Former Judith Gap teacher sentenced to 78 months in prison for possessing child pornography
The following press release was issued on Friday, January 13, 2023 by the U.S. Attorney's Office of the District of Montana.
BILLINGS — A former Judith Gap School teacher who admitted to possessing child pornography after Facebook submitted a tip to authorities was sentenced today to 78 months in prison, to be followed by five years of supervised release, U.S. Attorney Jesse Laslovich said.
Jayson Gayo, 28, of Harlowton, pleaded guilty in August 2022 to possession of child pornography as charged in an indictment.
U.S. District Judge Susan P. Watters presided. Judge Watters also ordered $3,000 restitution.
The government alleged in court documents and in statements in court that in August 2020, Facebook submitted a number of Cybertips indicating that child pornography was likely being transmitted from an account associated with Gayo. Gayo was a teacher at Judith Gap School at the time. There was no indication that the images or Gayo’s conduct involved students at the school.
An investigation led to the execution of a search warrant of Gayo’s residence, where law enforcement collected multiple electronic media items. A separate warrant was served on Facebook concerning Gayo’s account. In total, law enforcement determined that Gayo’s media contained 209 images and 146 videos of child pornography. The videos showed children as young as that of a toddler being sexually abused by adults. The government further alleged that Gayo not only possessed child pornography but also was an administrator of a group involving those with an interest in pornography.
Assistant U.S. Attorney Zeno B. Baucus prosecuted the case, which was investigated by Homeland Security Investigations and the Montana Division of Criminal Investigation.
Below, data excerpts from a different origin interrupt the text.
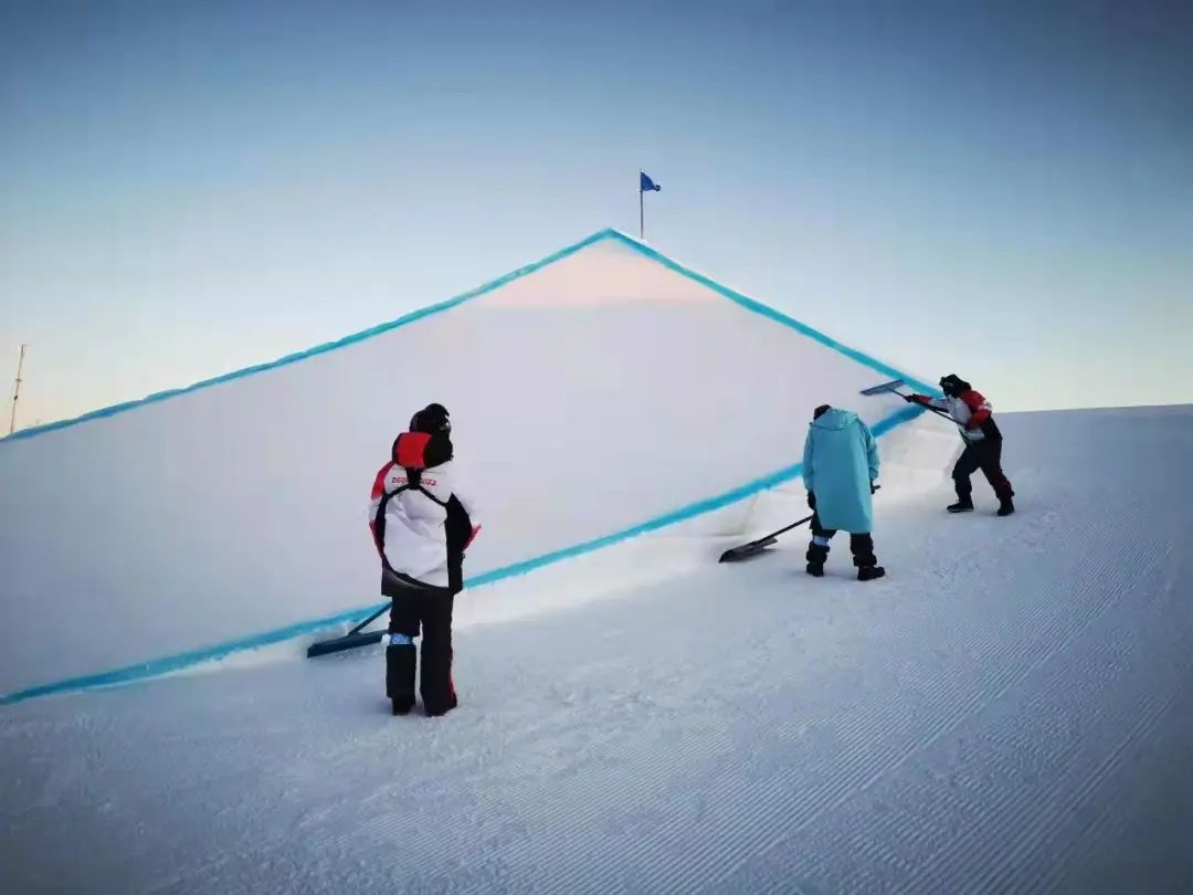 A:在此次备赛工作中,我觉得最大的困难是塑形和修整跳台,公开训练和正式比赛之间只有15分钟的时间,这15分钟要完成赛道整平、清除余雪、塑形完整,并达到比赛要求。在最短的时间限制内要达到最完美的标准,虽然在赛前也经过不断培训和模拟训练,但都是不计时的,正式比赛时候有太多意外和突发情况产生,却仅有15分钟。知道难点在哪里之后,我通过赛前、赛中与世界顶级德国塑形团队学习,交流经验,总结方法,自己琢磨,掌握了其中精髓,掌握了好的方法和操作顺序,不断的练习,最后能够在12分钟之内完成修复,并将余雪变成面条雪,动作一气呵成。这12分钟,不仅挑战团队的协作能力,还考验每个人的耐力,因为塑形铲本身的自重就达到了3—4公斤,还要不停的工作。还有一次,挑战性极大,赛前下了暴雪,所有人员顶雪工作。印象最深的一次我们连续不停的干了4个小时,最后保证了运动员顺利训练。
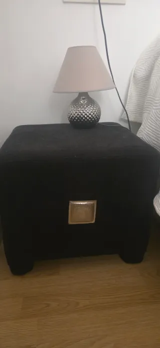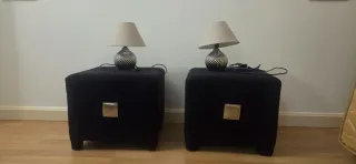 2 Mesitas de Noche Negras con Detalle Plateado.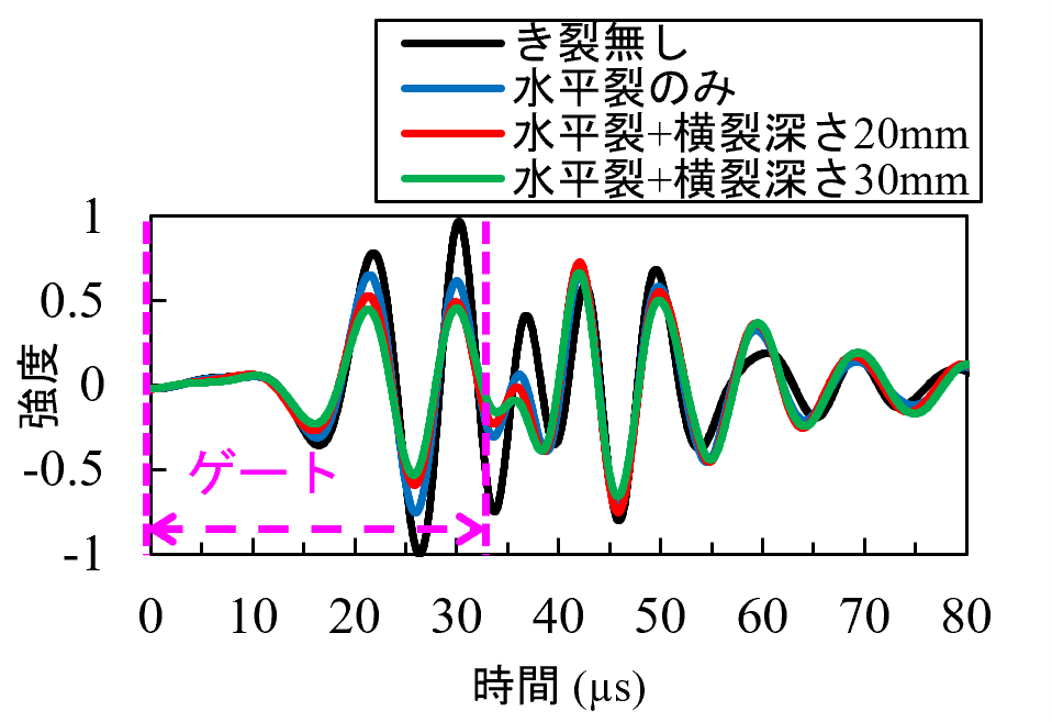 レール頭頂面から5~10mm程度の深さに発生する水平裂と区別して横裂が検知可能か検証するため,図4のような水平裂や横裂を模擬したき裂をレールモデル内に挿入し,シミュレーションを行いました.今回の解析では2章で得られた結果からガイド波の入力周波数を100,120kHzの2種類としました.入力周波数100kHzの超音波が水平裂と横裂に到達した時点でのレール表面変位の変化状況を図5に示します.最初に伝播する数波がこれらのき裂により遮られている様子が確認できます.同様にほぼすべての波がき裂を透過した後の超音波伝播の様子を図6に示しますが,全体的に伝播する波数が増加し,そのうち先頭の数波の変位が水平裂や横裂が存在する場合では大きく減少していることが分かります.そこで得られた受信波形(図7)のうち最初の約3波分のみを抽出するゲートを設定し,ゲート内でのピーク強度を比較しました(図8).入力周波数を100kHzとした場合では,き裂が水平裂のみの条件に比べ,水平裂と横裂が混在した条件ではピーク強度が減少し,0.6程度の閾値を設定することで,水平裂より下に進展した深さ20mm以上の横裂を検知できる可能性が高いと言えます.一方,120kHzとした場合では,横裂の有無によるピーク強度変化が非常に小さいため,横裂の検知は難しいと言えます.ただし水平裂や横裂の形状や位置により,横裂の検知に最適なガイド波の周波数は変化する可能性も考えられるため,さらなる検証を続けていく予定です.

This case was initiated under the Department of Justice’s Project Safe Childhood initiative, which was launched in 2006 to combat the proliferation of technology-facilitated crimes involving the sexual exploitation of children. Through a network of federal, state and local law enforcement agencies and advocacy organizations, Project Safe Childhood attempts to protect children by investigating and prosecuting offenders involved in child sexual exploitation. It is implemented through partnerships including the Montana Internet Crimes Against Children Task Force. The ICAC Task Force Program was created to assist state and local law enforcement agencies by enhancing their investigative response to technology facilitated crimes against children.